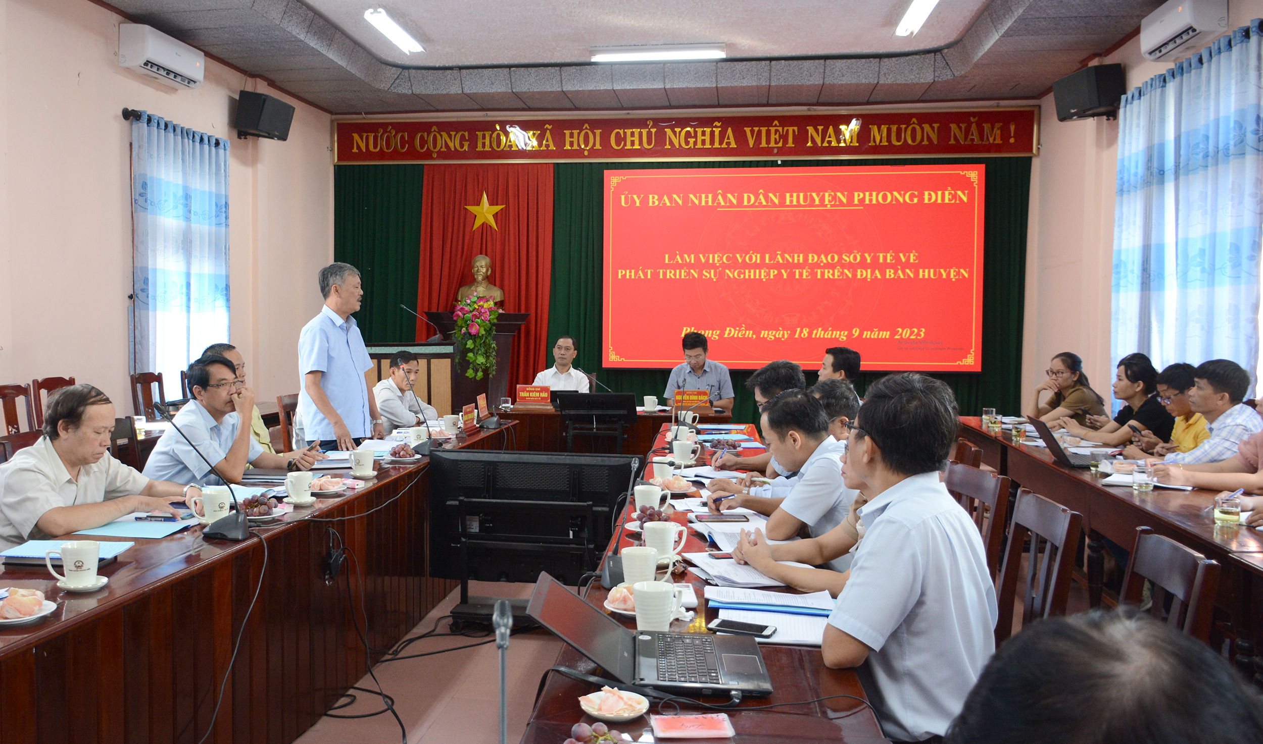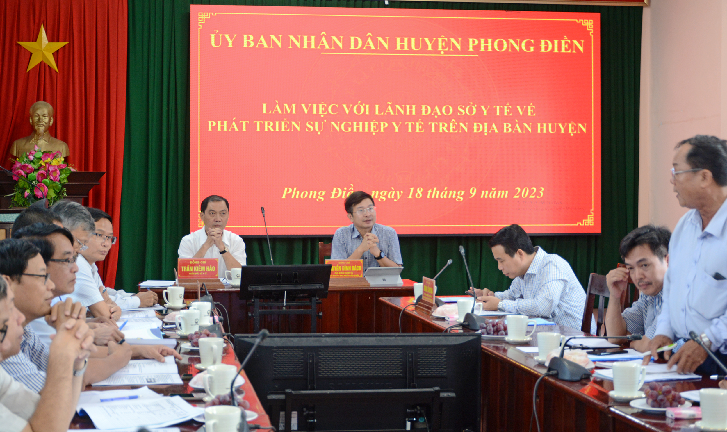 Ngày 18/9/2023, tại huyện Phong Điền, Đoàn công tác Sở Y tế do PGS.TS.BS Trần Kiêm Hảo - Giám đốc làm trưởng đoàn, cùng các Phó Giám đốc, Chánh Văn phòng, Chánh Thanh tra, lãnh đạo/chuyên viên các phòng chuyên môn và nghiệp vụ Sở Y tế có buổi làm việc về phát triển Ngành Y tế huyện Phong Điền. Đồng chí Nguyễn Đình Bách - Phó Bí thư huyện ủy, Chủ tịch UBND cùng các đồng chí Phó Chủ tịch huyện, Ban Giám đốc, các bộ phận chuyên môn TTYT và lãnh đạo các phòng/ban liên quan của huyện Phong Điền tiếp và làm việc với Đoàn.
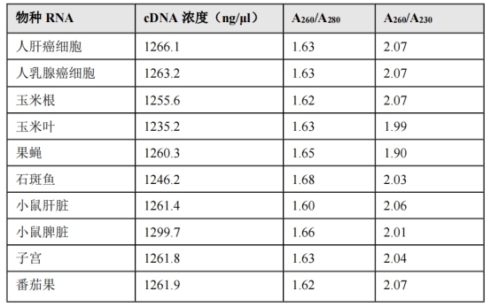 表5:分別以不同物種的總 RNA?為模板,逆轉(zhuǎn)錄得到cDNA。
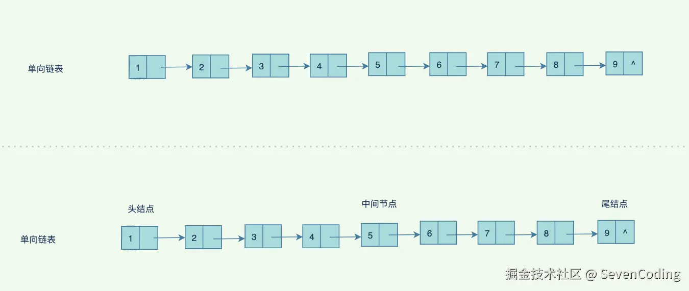 链表,也就是链式数据结构,由于它不要求逻辑上相邻的数据元素在物理位置上也相邻,所以它没有顺序存储结构所具有的缺点,但是同时也失去了通过索引下标直接查找元素的优点。
# # #
• What needs to be done
Print the material word for word; images are to be left out.

• Answer section
 Ngày 18/9/2023, tại huyện Phong Điền, Đoàn công tác Sở Y tế do PGS.TS.BS Trần Kiêm Hảo - Giám đốc làm trưởng đoàn, cùng các Phó Giám đốc, Chánh Văn phòng, Chánh Thanh tra, lãnh đạo/chuyên viên các phòng chuyên môn và nghiệp vụ Sở Y tế có buổi làm việc về phát triển Ngành Y tế huyện Phong Điền. Đồng chí Nguyễn Đình Bách - Phó Bí thư huyện ủy, Chủ tịch UBND cùng các đồng chí Phó Chủ tịch huyện, Ban Giám đốc, các bộ phận chuyên môn TTYT và lãnh đạo các phòng/ban liên quan của huyện Phong Điền tiếp và làm việc với Đoàn.
 表5:分別以不同物種的總 RNA?為模板,逆轉(zhuǎn)錄得到cDNA。
 链表,也就是链式数据结构,由于它不要求逻辑上相邻的数据元素在物理位置上也相邻,所以它没有顺序存储结构所具有的缺点,但是同时也失去了通过索引下标直接查找元素的优点。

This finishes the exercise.